*** Information supplied Section Begins ***

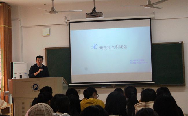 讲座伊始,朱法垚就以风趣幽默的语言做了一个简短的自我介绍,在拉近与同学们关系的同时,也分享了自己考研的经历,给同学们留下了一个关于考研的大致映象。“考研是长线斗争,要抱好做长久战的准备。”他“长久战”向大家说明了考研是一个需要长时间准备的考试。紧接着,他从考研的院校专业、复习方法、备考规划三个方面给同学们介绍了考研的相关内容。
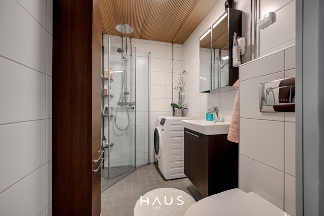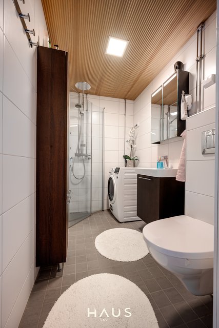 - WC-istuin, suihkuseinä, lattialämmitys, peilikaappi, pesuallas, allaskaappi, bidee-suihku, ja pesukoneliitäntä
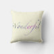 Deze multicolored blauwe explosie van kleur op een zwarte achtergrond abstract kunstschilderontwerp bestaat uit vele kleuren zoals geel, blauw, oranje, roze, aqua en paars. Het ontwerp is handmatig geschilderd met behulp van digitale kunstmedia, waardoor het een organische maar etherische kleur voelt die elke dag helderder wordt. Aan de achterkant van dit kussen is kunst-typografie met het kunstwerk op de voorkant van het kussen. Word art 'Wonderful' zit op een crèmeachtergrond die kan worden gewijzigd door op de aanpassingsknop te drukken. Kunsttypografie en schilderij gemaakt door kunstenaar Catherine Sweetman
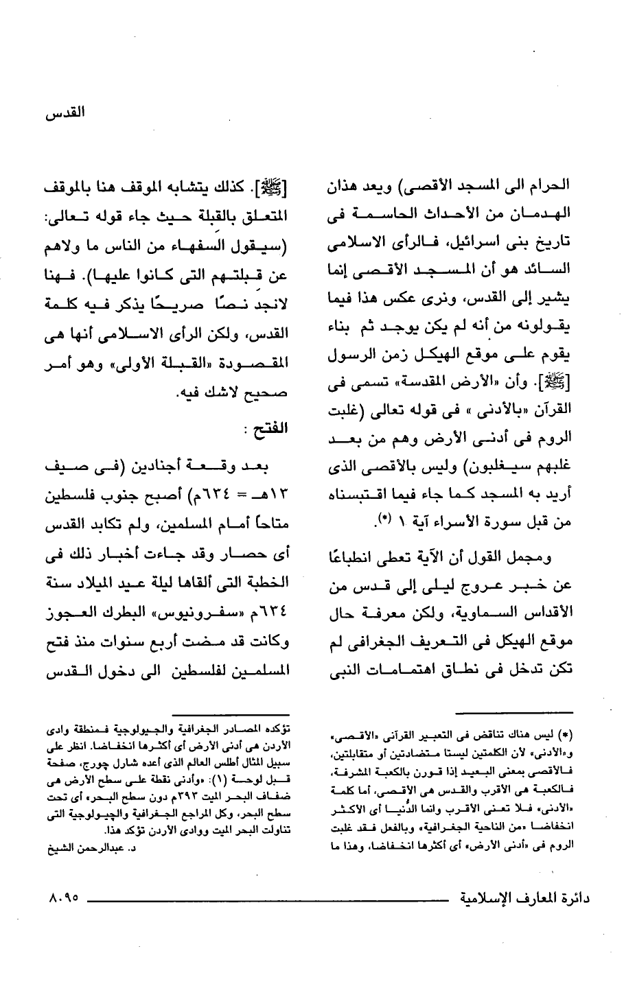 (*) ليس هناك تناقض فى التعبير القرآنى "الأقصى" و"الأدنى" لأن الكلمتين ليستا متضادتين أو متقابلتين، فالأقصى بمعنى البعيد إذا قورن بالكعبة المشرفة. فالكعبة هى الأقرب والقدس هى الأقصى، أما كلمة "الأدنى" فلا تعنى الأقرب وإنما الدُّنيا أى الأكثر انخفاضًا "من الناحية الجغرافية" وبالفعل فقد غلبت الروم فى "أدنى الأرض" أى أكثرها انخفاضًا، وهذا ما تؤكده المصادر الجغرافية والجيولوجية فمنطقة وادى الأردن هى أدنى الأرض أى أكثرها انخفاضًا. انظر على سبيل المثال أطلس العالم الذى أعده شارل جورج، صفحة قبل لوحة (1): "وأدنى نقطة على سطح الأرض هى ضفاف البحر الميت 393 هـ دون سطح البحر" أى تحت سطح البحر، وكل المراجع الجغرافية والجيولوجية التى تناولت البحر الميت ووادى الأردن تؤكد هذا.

*** Information supplied Section Ends ***

The copy runs from the line containing "Deze multicolored blauwe" through the last line of the material, both ends included. Reproduce those lines exactly and drop the pictures.

 Deze multicolored blauwe explosie van kleur op een zwarte achtergrond abstract kunstschilderontwerp bestaat uit vele kleuren zoals geel, blauw, oranje, roze, aqua en paars. Het ontwerp is handmatig geschilderd met behulp van digitale kunstmedia, waardoor het een organische maar etherische kleur voelt die elke dag helderder wordt. Aan de achterkant van dit kussen is kunst-typografie met het kunstwerk op de voorkant van het kussen. Word art 'Wonderful' zit op een crèmeachtergrond die kan worden gewijzigd door op de aanpassingsknop te drukken. Kunsttypografie en schilderij gemaakt door kunstenaar Catherine Sweetman
 (*) ليس هناك تناقض فى التعبير القرآنى "الأقصى" و"الأدنى" لأن الكلمتين ليستا متضادتين أو متقابلتين، فالأقصى بمعنى البعيد إذا قورن بالكعبة المشرفة. فالكعبة هى الأقرب والقدس هى الأقصى، أما كلمة "الأدنى" فلا تعنى الأقرب وإنما الدُّنيا أى الأكثر انخفاضًا "من الناحية الجغرافية" وبالفعل فقد غلبت الروم فى "أدنى الأرض" أى أكثرها انخفاضًا، وهذا ما تؤكده المصادر الجغرافية والجيولوجية فمنطقة وادى الأردن هى أدنى الأرض أى أكثرها انخفاضًا. انظر على سبيل المثال أطلس العالم الذى أعده شارل جورج، صفحة قبل لوحة (1): "وأدنى نقطة على سطح الأرض هى ضفاف البحر الميت 393 هـ دون سطح البحر" أى تحت سطح البحر، وكل المراجع الجغرافية والجيولوجية التى تناولت البحر الميت ووادى الأردن تؤكد هذا.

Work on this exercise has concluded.